Meantime, as a judge for the Blues Music Awards which are held in Memphis in May, Hayden is also going through “hundreds of submissions as part of the nomination process”, and CKUA listeners are likely to hear a few nuggets culled from that massive pile of recorded material during upcoming installments of
Friday Night Blues Party.
As for Petersen, he’s recently returned from Toronto, where he sat in on sessions where guitarists Harry Manx and Kevin Breit recorded a fresh batch of material for Stony Plain Records.
“Harry and Kevin put down 11 tracks while I was there. It was very interesting listening to them as they brought in skeletons of pieces to the sessions and then started building on them. It’s as though they come up with all these pieces to a puzzle,” says the executive producer of the project that will be the follow-up to In Good We Trust, which Breit and Manx released in 2007.
Both guitarists are known as adventurous improvisers and brilliant technicians, so the forthcoming disc, which is slated for release in spring of 2011, will be a much-anticipated affair by those who have enjoyed not only their duo offerings, but their solo discs.
Breit continues to be a “hired session gun” thanks to his associations with Blue Note Records and Norah Jones. The Toronto-based instrumentalist recently participated in sessions in Los Angeles with actor Hugh Laurie of House and BlackAdder fame. Laurie is apparently a fine New Orleans style piano player.
Another Stony Plain project on the release sheets for early next year will come from Rory Block, who once again worked within a thematic framework while hunkering down in the studio earlier this year. Block’s follow-up to Blues Walkin' Like A Man: A Tribute To Son House, focuses on her love of the gritty and hypnotic sounds of Mississippi Fred McDowell.
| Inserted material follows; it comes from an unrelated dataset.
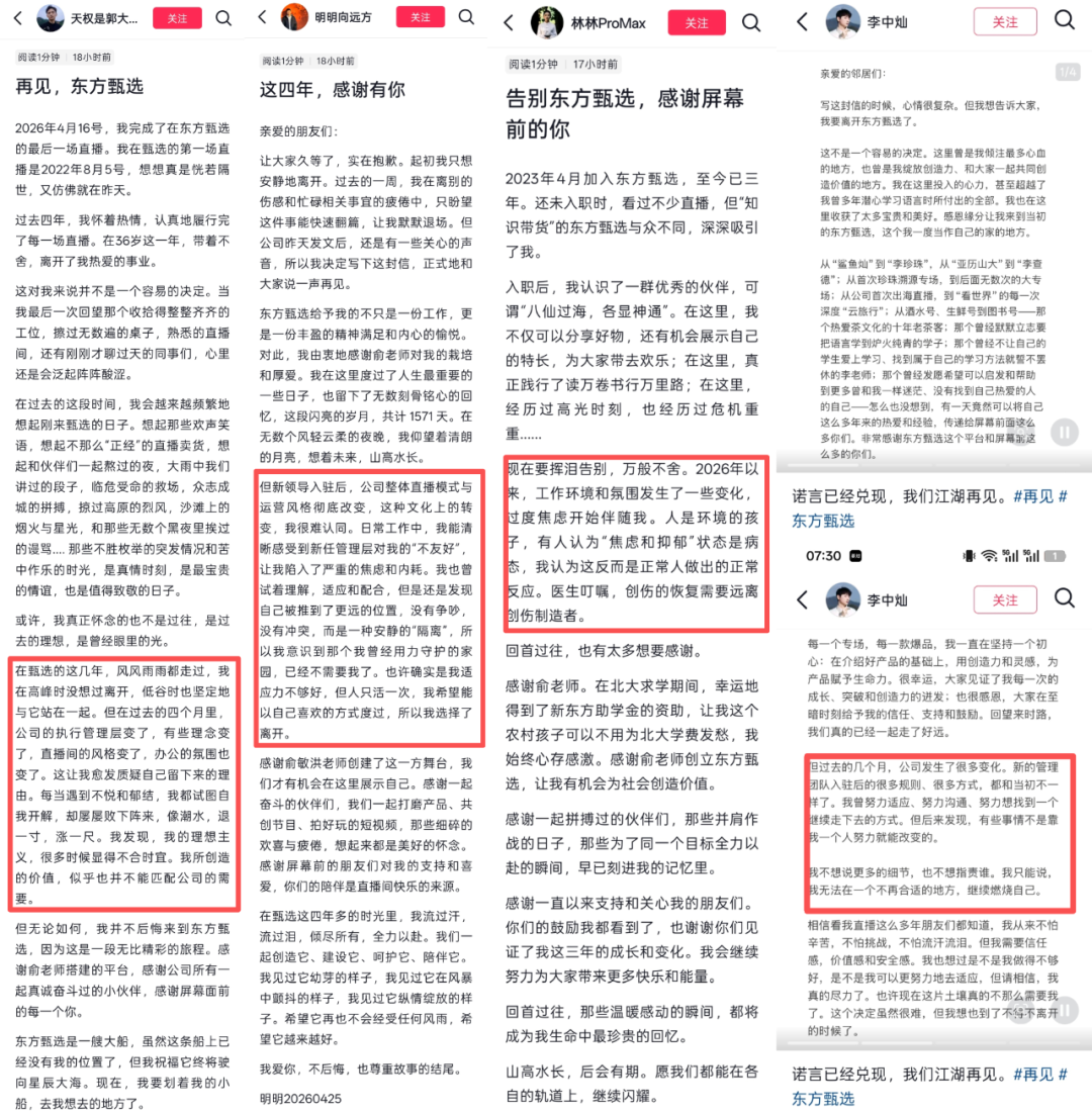 4月25日,主播中灿、林林先后发布告别内容,正式确认离开东方甄选,至此四位主播全部完成官宣离职。

“I don’t think anyone will be surprised with Rory’s charged interpretations of McDowell’s songs,” says Petersen, “but I think the icing on the cake is that she wrote a couple of originals for the set, one that gives us a biographical look at Mississippi Fred McDowell and another that shows her appreciation for his music.”
We’ll finish this posting with a reminder that Stony Plain recording artist Duke Robillard, who has released over a dozen discs with the label, and produced a number of other sessions for Stony Plain, plays a fundraiser/dance party for the Calgary International Blues Festival on Friday November 26 at Hillhurst Sunnyside Community Hall, and a concert at Festival Place in Sherwood Park on Saturday November 27.
And don’t forget that you can hear artists the calibre of Robillard on
Natch’l Blues and
Friday Night Blues Party every time you tune in.